I tried to be as honest as I can. I’m sure that I left a lot of things out. I’d like to say that you’re the best friend that I’ve made here and no matter where we live, I hope you come with us. And that’s the honest truth, Donna.

 

And I will be at your funeral, Cyrenia, no rnatter where you live. You are a beautiful person.

 

Thank you. If I’m not at yours first!

I’d like to think that’s something that I learned from my parents. It goes back to them. How to age. I think that if my dad had had the opportunity, he would have aged wonderfully. But my mother taught me how to age. She loved life and always gave of herself right up until the end. Really, even lying In bed, she was always surrounded by people and was able to communicate, at least. Just through communication you can give so much. Mom was a perfect example of that. Yeah, I hope that I can be half the woman that my mother was. Just to grow old and be a contributor, a loving mother, friend.

 

How do feel after talking about your life?

 

Very therapeutic. Very much so. I feel better. It made me examine my past and how I feel. In depth questions.
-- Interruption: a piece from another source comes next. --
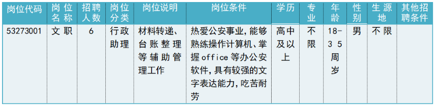 本次招錄共設(shè)1個崗位,男性6人。詳情請關(guān)注西“西盟警方”微信公眾號或西盟長安網(wǎng)(

It makes me actually look forward to the future by just making me think about it. Something we probably all need to do. Have someone sit down and ask us questions on our thought and feelings. It does help put words to our thoughts and feelings. So I really appreciated this. It was good for me.

 

lt was wonderful for me and I appreciate you giving me the time today. Hopefully, I will have all of this in writing for you and I will give you a copy and Submit one to the Archive.

 

I would love it because you know, I can give it to the girls

 

A legacy. Something you can give to your children.

 

Yeah, Thank you so much, Donna.

 

You’re welcome. It was a pleasure to do this.